La direction des ressources humaines Air France traverse depuis 2020 l’une des périodes les plus éprouvantes de son histoire. La pandémie de COVID-19 a frappé le secteur aérien avec une brutalité sans précédent, forçant la compagnie à repenser intégralement sa gestion du personnel. Entre suppressions de postes massives, négociations sociales tendues et impératifs de compétitivité, la DRH d’Air France doit jongler avec des contraintes contradictoires. Attirer les talents tout en réduisant les coûts. Maintenir l’engagement des équipes tout en restructurant l’organisation. Ce contexte exceptionnel éclaire les arbitrages stratégiques qui façonnent aujourd’hui la politique sociale de la compagnie nationale française.
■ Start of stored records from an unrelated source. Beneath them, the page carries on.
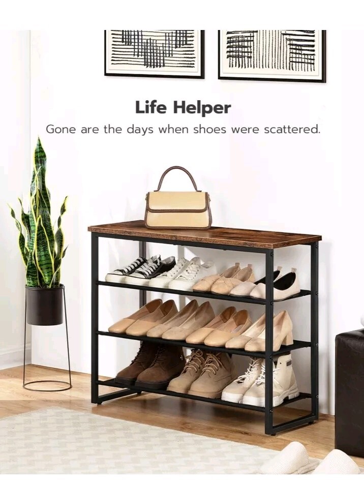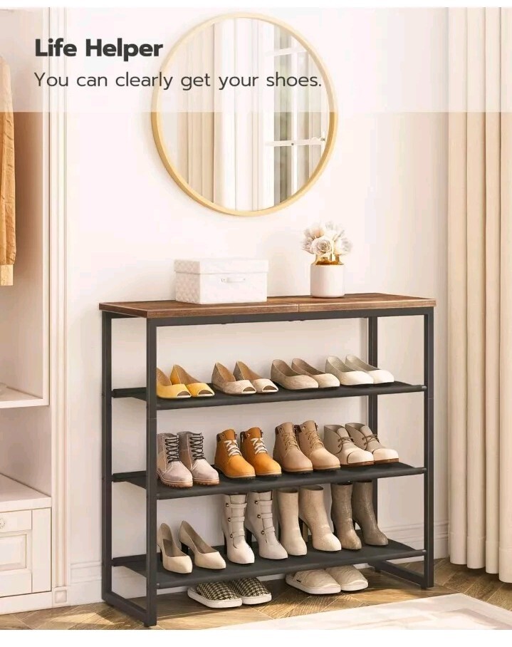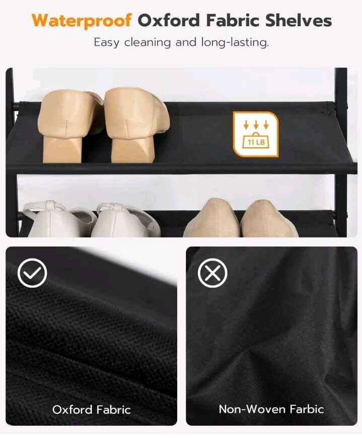 HOOBRO Shoe Rack, 4 Tier Shoe Storage Organizer with 3 Oxford Fabric Shelves and Top Panel, Holds 12-16 Pairs of Shoes for Entryway and Closet, Industrial, Rustic Brown BF47XJ01G1 Top Highlights Material Particleboard , Steel , Oxford Fabric Mounting Type Floor Mount Room Type Living Room, Bedroom Shelf Type Tiered Shelf Number of Shelves 4 Special Feature Waterproof, Space Saving, Adjustable 4-Tier Shoe Rack: Gone are the days of throwing shoes all over the place. On this 4 tier shoe rack for front door entrance, you can neatly store your sneakers, flats, and more. With removable layers, your high heels, boots can also be well placed Life Helper: Shoe rack is 29.5" W x 11.2" D x 23.4" H in size, ideal for entrances with tight space, entryway, closet, living room, bedroom, apartment and dormitory. Extending vertical space usage, this shoe rack provides you with a space-saving solution. You can also use it as a storage shelf. Unleash your creativity! Built to Last: The reasonable structural design enhances the stability of the shoe rack. Max load ability of the top is 22 lb with each shelf bearing up to 11 lb. 4 adjustable feet help keep balance at all times Material and Structure: This shoe rack is made of durable waterproof oxford cloth, particleboard and thickened iron pipe, featuring easier clean. The top wooden shelf can be used to place albums, plants, handbags and other items, beautiful and practical Easy Assembly: Easy to set up in just a few steps. With detailed instructions and clearly numbered parts, it does’ t take any time to assemble this shoe rack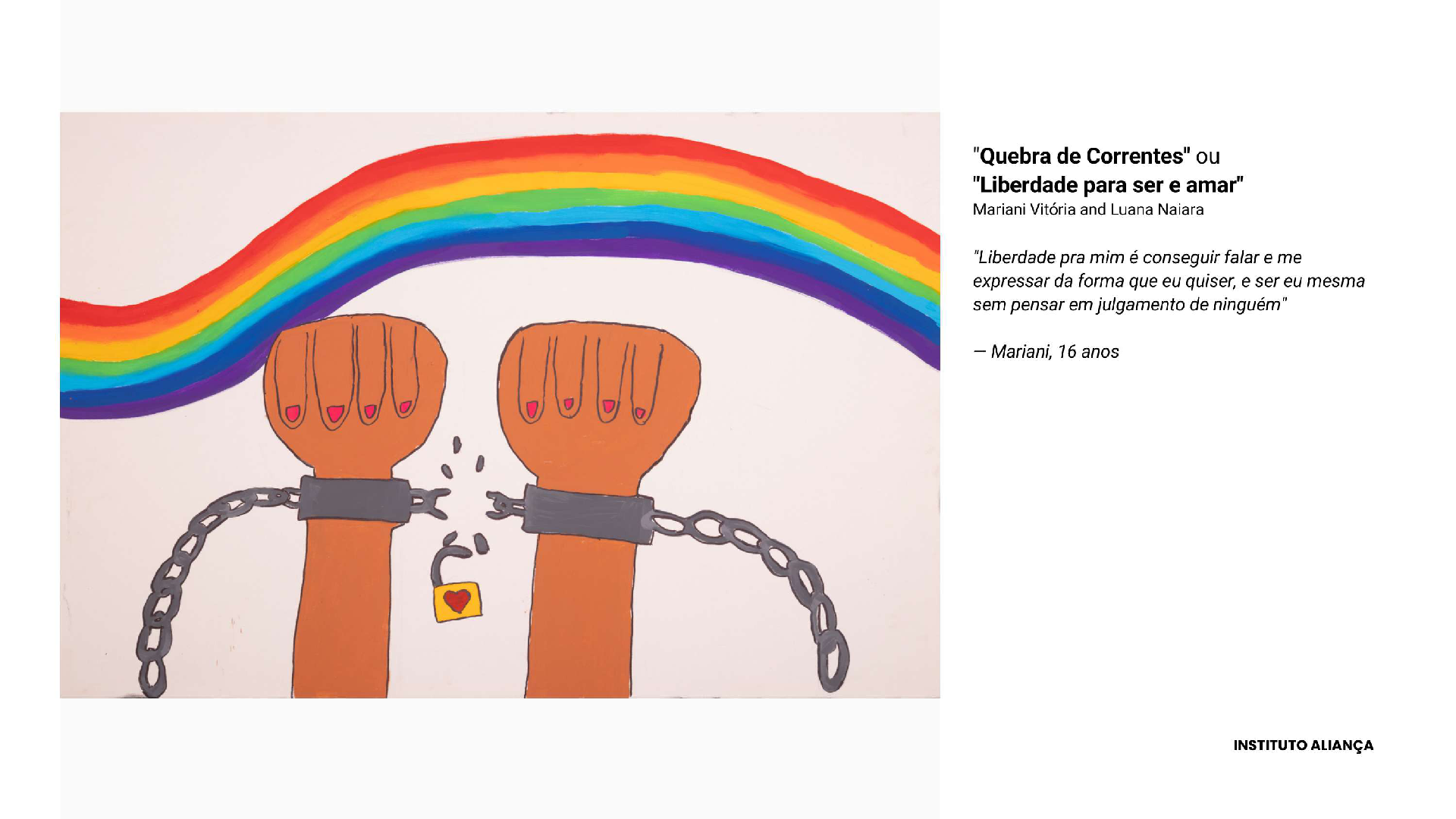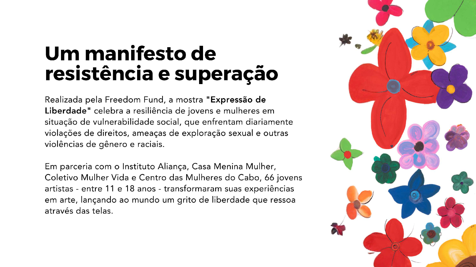 „Ausdruck der Freiheit“ bekräftigt die Macht der Kunst als Instrument des sozialen Wandels.In Brasilien wurden die Werke ausgestellt:
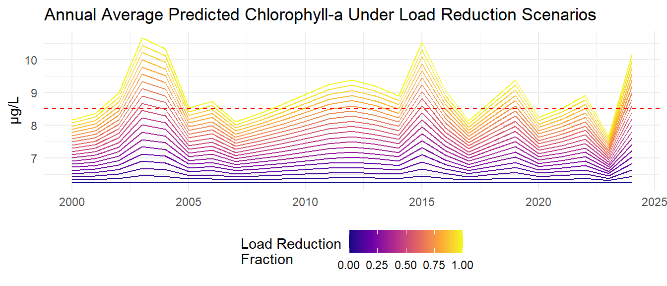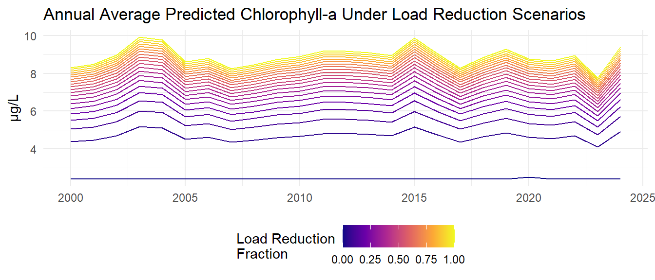 Monthly model predictions are then aggregated to annual average predicted chlorophyll-a and total nitrogen loads for each load reduction scenario.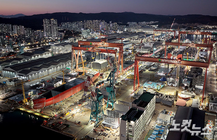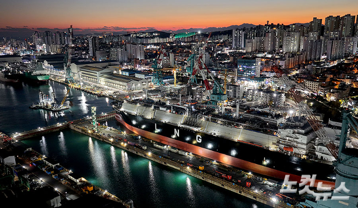 한국 조선업이 '제2의 전성기'를 맞았다. 한국과 미국이 공동 추진 중인 미국 조선업 재건 프로젝트 '마스가(MASGA·Make American Shipbuilding Great Again)'를 통해 외교카드로서의 역할을 해냈다. 국내 조선 3사(HD한국조선해양·한화오션·삼성중공업)는 올해 수주 목표 달성을 눈앞에 두며 세계 선박 수주량 1위 국가로 다시 올라섰다. K-조선의 화려한 부활이 우리나라 경제 부활도 이끌 수 있기를 바라본다. 사진은 지난 4일 불이 꺼지지 않는 울산 HD현대중공업의 야경.
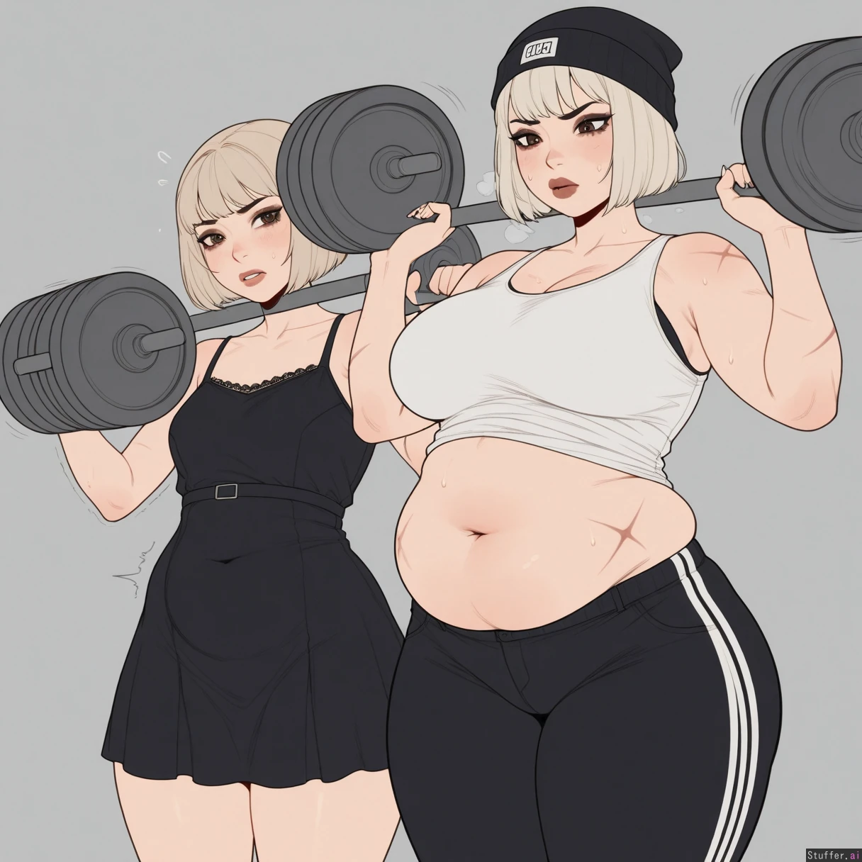 KAMII MOMORU(artist), kipteitei(artist), ((Flat color, simple shading)), (cold_lighting), motion lines jiggle (Short platinum blonde bob cut hair, light skin, brown lipstick, dark eyeshadow, scars on body, white_nail_polish, goldem brown eyes) (gym outfit, (tight white tank top belly hanging out, deep navel), black beanie, tight black dress pants, outgrown clothes, pants unbuttoned, too fat for clothes) (Curvy, getting fat, busty), fat soft thighs, (plump hips), (Perfect 2d art)), (((huge_full_belly))), painfully_full ((tired expression, (beautiful detailed face)), (lifting two small dumbells, sweating, heavy breathing, furrowed eyebrows)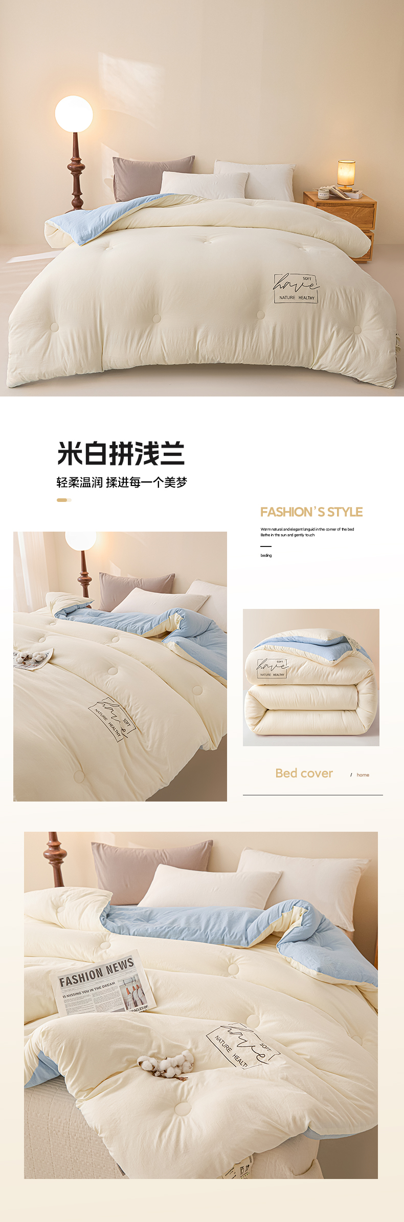 2025春夏款学生宿舍被芯A类原棉水洗棉贴标大豆被系列

Quand la pandémie a fracturé le modèle économique d’Air France
Les chiffres parlent d’eux-mêmes. En 2020, Air France a enregistré 8,4 milliards d’euros de pertes financières, un record absolu dans l’histoire de la compagnie. La capacité de transport a chuté de 50 % par rapport à 2019, laissant des milliers d’avions cloués au sol pendant des mois. Pour survivre, le groupe a sollicité et obtenu 2,5 milliards d’euros d’aides publiques, versées par l’État français dans le cadre d’un plan de sauvetage d’urgence.
Ce séisme financier a produit des effets immédiats sur la structure sociale de l’entreprise. Des milliers de salariés se sont retrouvés en chômage partiel prolongé, un dispositif géré en coordination étroite avec le Ministère des Transports et les services de l’État. La Direction Générale de l’Aviation Civile (DGAC) a dû adapter ses propres protocoles pour accompagner cette situation inédite.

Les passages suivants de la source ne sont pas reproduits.